C3 := Convolution( A, B, 'shape' = 'valid' );

$\mathrm{C3}≔\left[\begin{array}{ccc}\mathrm{-0.966417152050085}& 0.289745509588224& 1.03330641968989\end{array}\right]$

Moreover, lists can now be passed for signals in addition to rtables.
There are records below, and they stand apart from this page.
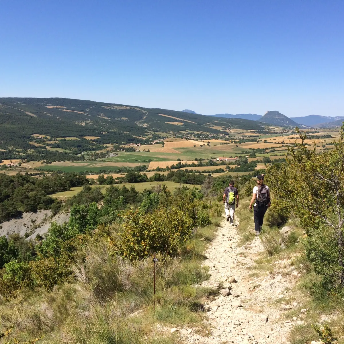 À l'intersection (poteau "Fontaine du Saule"), prendre un sentier en balcon sur votre gauche. Lorsque le paysage s'ouvre (rester attentif), l'itinéraire fait redescendre légèrement à gauche (2 clôtures à enjamber) pour atteindre un champ. Le longer et rejoindre une piste ravinée qui mène à l'embranchement du début ("La Viste"). Pour le retour, prendre le même itinéraire qu'à l'aller, direction "L'Epine".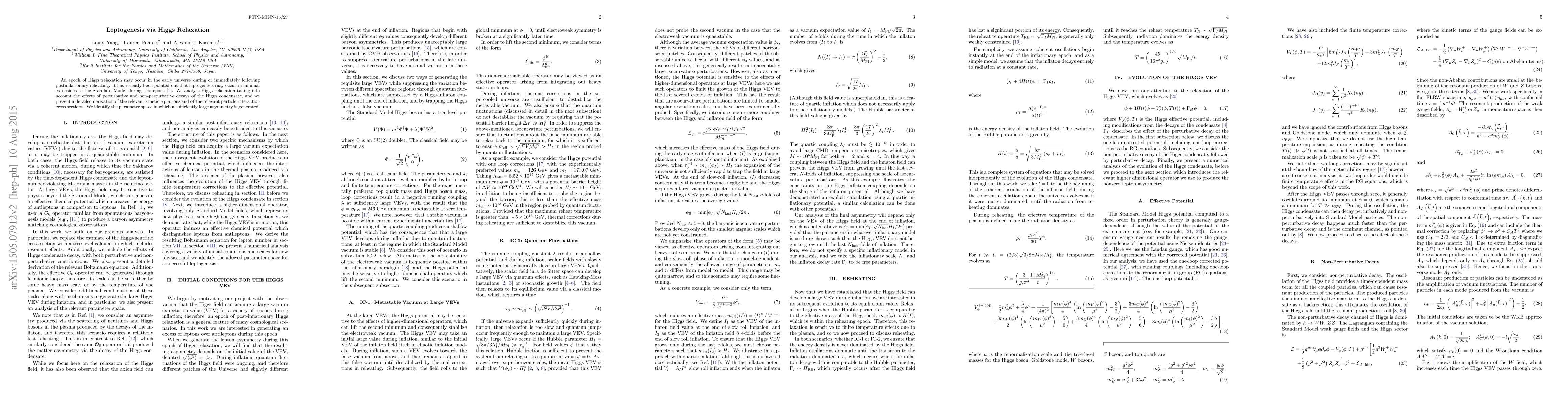 An epoch of Higgs relaxation may occur in the early universe during or immediately following postinflationary reheating. It has recently been pointed out that leptogenesis may occur in minimal extensions of the Standard Model during this epoch. We analyse Higgs relaxation taking into account the effects of perturbative and non-perturbative decays of the Higgs condensate, and we present a detailed derivation of the relevant kinetic equations and of the relevant particle interaction cross sections. We identify the parameter space in which a sufficiently large asymmetry is generated.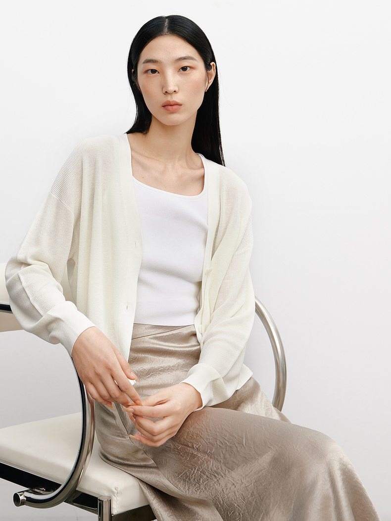 【积分换购不退货】【特惠不退货】诗凡黎v领针织开衫2024夏新款显瘦空调罩衫3F4230961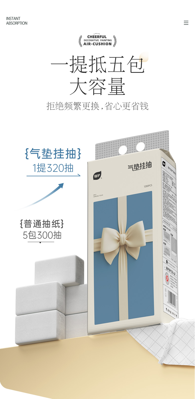 植护 气垫纸巾悬挂式家用擦手纸320抽*4提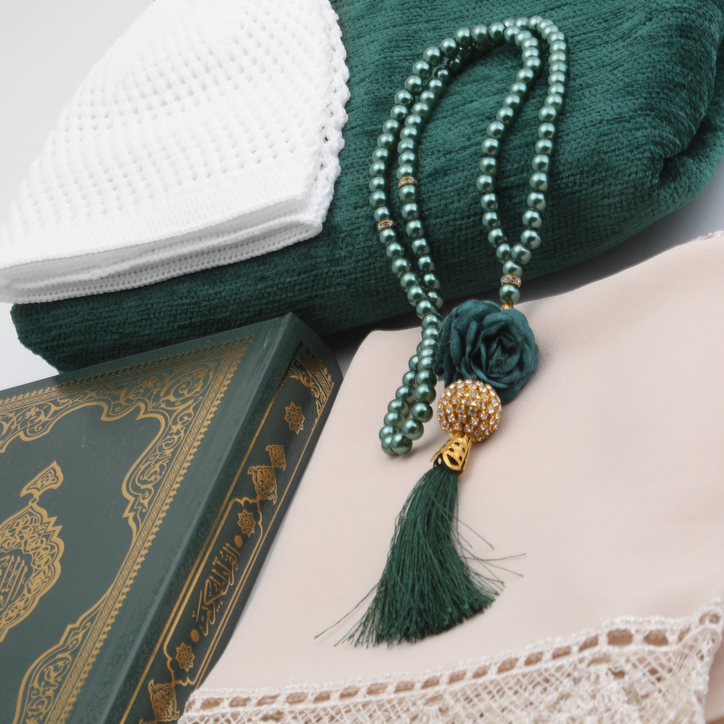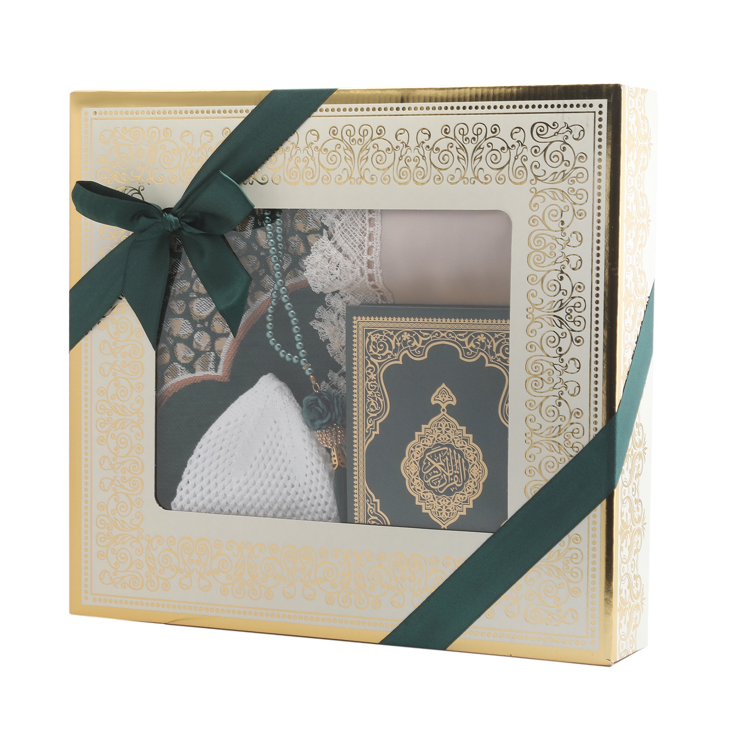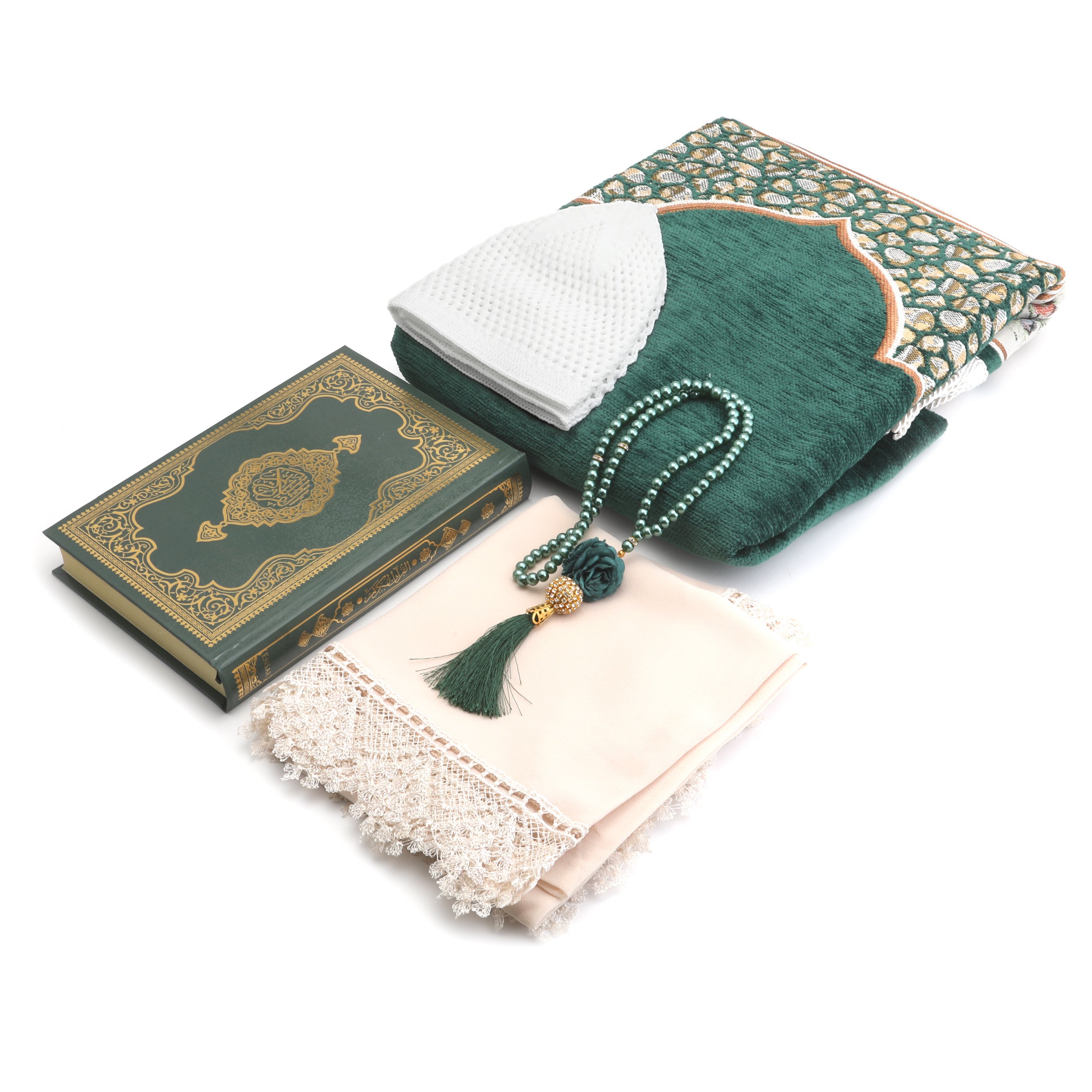 Hediyelik Seccade Kuran-ı Kerim Mevlid Örtüsü Tesbih Takke Seti Yeşil

The SignalProcessing:-FFT and SignalProcessing:-InverseFFT commands now support padding and truncation. Padding is helpful due to the increase in both the speed of computation and the frequency resolution. The size option accepts a positive integer for the new size and keywords same (the default, for not changing the length) and recommended (for changing the length to the next power of 2). For example:

X := LinearAlgebra:-RandomVector( 3, 'generator' = -1.0 .. 1.0, 'datatype' = 'complex[8]' );

$X≔\left[\begin{array}{c}\mathrm{-0.235334127009411}+0.524842563866319\mathrm{I}\\ \mathrm{-0.600897572737194}-0.723997348520040\mathrm{I}\\ 0.0678662154384722-0.122666338816995\mathrm{I}\end{array}\right]$

Y1 := FFT( X, 'size' = 'same' );

$\mathrm{Y1}≔\left[\begin{array}{c}\mathrm{-0.443616019201318}-0.185803512266725\mathrm{I}\\ \mathrm{-0.282662827618448}+0.881810643516785\mathrm{I}\\ 0.318668182084598+0.213046855341119\mathrm{I}\end{array}\right]$

Y2 := FFT( X, 'size' = 'recommended' );

$\mathrm{Y2}≔\left[\begin{array}{c}\mathrm{-0.384182742154067}-0.160910561735358\mathrm{I}\\ \mathrm{-0.513598845483962}+0.624203237710254\mathrm{I}\\ 0.216714830583127+0.563086786784682\mathrm{I}\\ 0.210398503036078+0.0233056649730601\mathrm{I}\end{array}\right]$

Y3 := FFT( X, 'size' = 5 );

$\mathrm{Y3}≔\left[\begin{array}{c}\mathrm{-0.343623490895507}-0.143922781735175\mathrm{I}\\ \mathrm{-0.553020070919267}+0.416781168114568\mathrm{I}\\ \mathrm{-0.0165998120551015}+0.666529860535818\mathrm{I}\\ 0.259681898881381+0.292888860328475\mathrm{I}\\ 0.127338369569880-0.0586934569533205\mathrm{I}\end{array}\right]$

The size option also works with multi-dimensional input. Moreover, lists can now be passed for signals in addition to rtables.